The res­o­lu­tion on women par­lia­men­tar­i­ans un­der­lines the im­por­tance of reaf­firm­ing the in­clu­sion of women in po­si­tions of power and elected bod­ies, and their in­volve­ment in the de­ci­sion-mak­ing process. It calls upon par­lia­men­tar­i­ans to adopt leg­is­la­tions to en­cour­age women’s par­tic­i­pa­tion in so­cial, cul­tural, eco­nomic, and po­lit­i­cal af­fairs.

The res­o­lu­tion on in­ter­faith dia­logue un­der­lines that in­ter-faith har­mony, par­tic­u­larly in Asia, ‘is of ut­most im­por­tance for the sur­vival of mankind and the pro­mo­tion of the cul­ture of peace, se­cu­rity, and tol­er­ance’. It urges par­lia­ments to pro­mul­gate laws to en­hance tol­er­ance for re­li­gious be­liefs of oth­ers.

The res­o­lu­tion on com­bat­ing the smug­gling of cul­tural items un­der­lines that los­ing cul­tural items to smug­gling is a threat to the rich­ness of Asian cul­tural her­itage and, there­fore, calls for a na­tional strat­egy and a le­gal frame­work to com­bat it.
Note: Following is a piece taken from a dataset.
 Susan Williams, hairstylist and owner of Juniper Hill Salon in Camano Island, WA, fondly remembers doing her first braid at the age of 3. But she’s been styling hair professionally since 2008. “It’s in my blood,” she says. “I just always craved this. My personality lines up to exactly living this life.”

The res­o­lu­tion also calls for the rat­i­fi­ca­tion of the In­ter­na­tional Con­ven­tion for the Safe­guard­ing of World Nat­u­ral and Cul­tural Her­itage and the In­ter­na­tional Con­ven­tion for the Safe­guard­ing of the In­tan­gi­ble Cul­tural Her­itage.

The res­o­lu­tion on il­licit drug traf­fick­ing un­der­lines the neg­a­tive im­pact of drug traf­fick­ing on health, safety, pub­lic or­der, gover­nance, eco­nomic devel­op­ment and so­cial health. It calls for a re­view of rel­e­vant leg­is­la­tion, ex­change of in­for­ma­tion and best prac­tices, and en­list­ing civil so­ci­ety as part­ners of par­lia­ments.
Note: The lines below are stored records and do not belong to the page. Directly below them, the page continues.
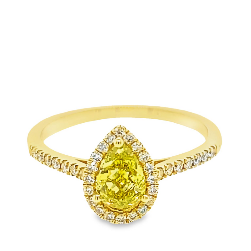 This exquisite engagement ring is a perfect symbol of love and commitment. It offers a bold and unique take on the classic design. The ring showcases a vibrant 0.58 carat pear modified brilliant-cut central diamond which boasts a captivating Fancy Intense Yellow color (Treated). It is securely set in an elegant 18K yellow gold setting. The striking main stone is beautifully accentuated by a brilliant halo of smaller white diamonds, enhancing the size and brilliance of the pear shape. These accent diamonds continue onto the sleek band, adding continuous sparkle for a total weight of 0.20 carats.
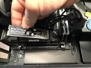 Установите новый накопитель SSD под углом 30–40 градусов.
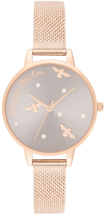 Olivia Burton Pearly Queen Pearl Detail Rose Gold OB16PQ04 -rannekellon kellotaululla ahkeroivat pienet mehiläiset ja tauluun on upotettu Swarovskin tekohelmiä. Kellossa on 34 mm leveä ruusukullansävyinen kehä ja mesh-ranneke. Olivia Burton -kelloilla on 2 vuoden takuu, ja ne toimitetaan valmistajan alkuperäisessä rasiassa.
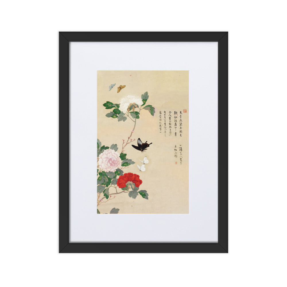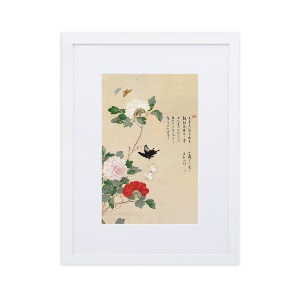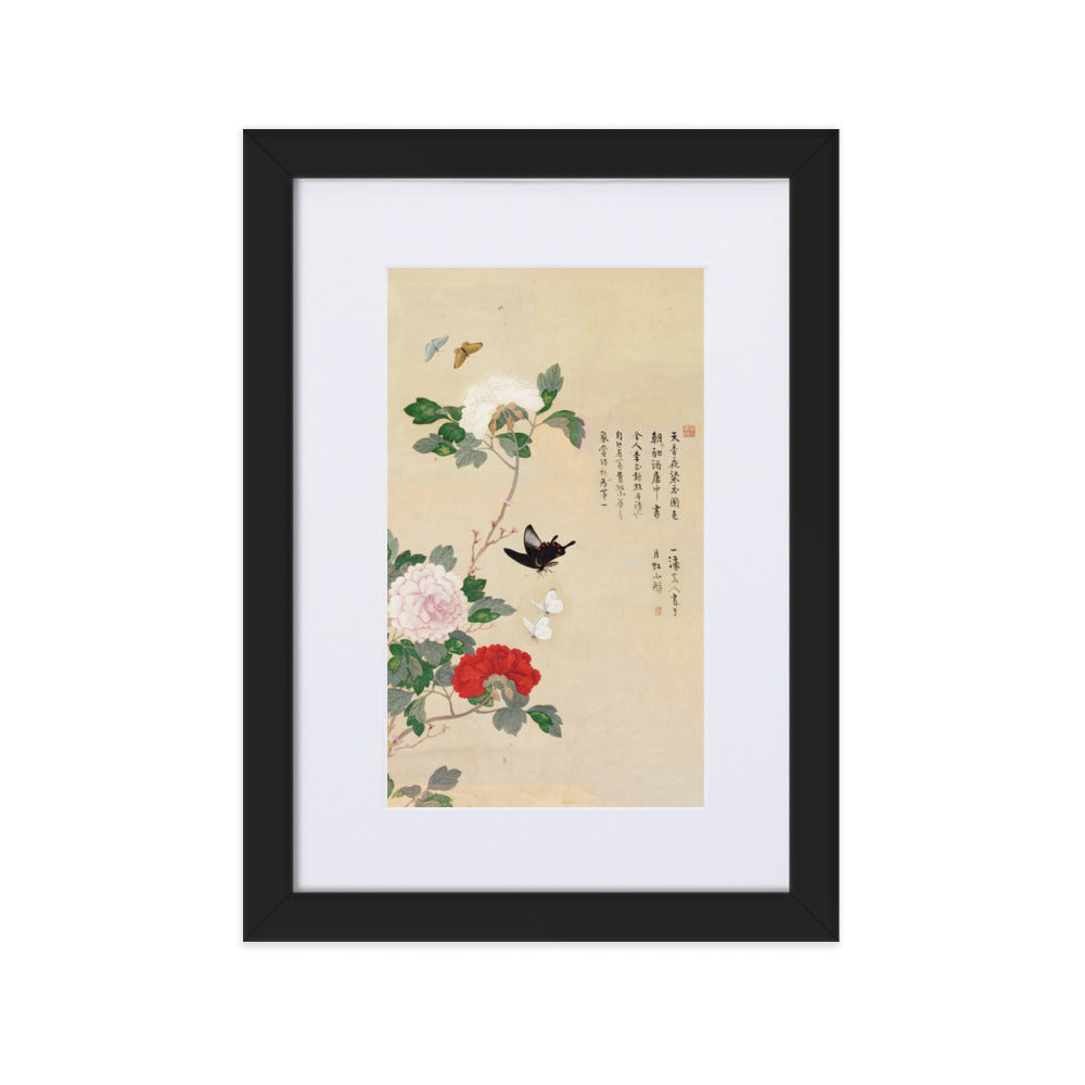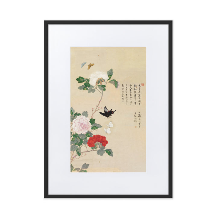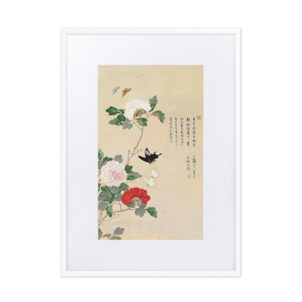 Poster mit Passepartout - Blumen und Schmetterlinge

The next pro­posed res­o­lu­tion which was pro­posed by Rus­sia about the Hu­man­i­tar­ian Aid to Syria, Iraq, Ye­men, and Myan­mar on the Verge of Hu­man­i­tar­ian Catas­tro­phe was also adopted anony­mously by the par­lia­ments.

This res­o­lu­tion un­der­lines the ur­gent need to ex­tend hu­man­i­tar­ian aid to coun­tries fac­ing a hu­man­i­tar­ian cri­sis such as Syria, Iraq, Ye­men, and Myan­mar.

Mean­while, the ten res­o­lu­tions of the Stand­ing Com­mit­tee will be sub­mit­ted to the Ex­ec­u­tive Coun­cil of the APA and fur­ther to the 10th Ple­nary for the fi­nal adop­tion.

While more than 100 par­lia­men­tar­i­ans from 21 coun­tries, in­clud­ing 12 par­lia­men­tar­i­ans from Bhutan at­tended the APA com­mit­tee meet­ing and the next APA com­mit­tee meet­ing will be held in Cam­bo­dia.

The Asian Par­lia­ment As­sem­bly was born in 2006 at the sev­enth ses­sion of the As­so­ci­a­tion of the Asian Par­lia­men­tary for Peace (AAPP). There are 42 Mem­ber coun­tries, 16 Ob­servers for APA.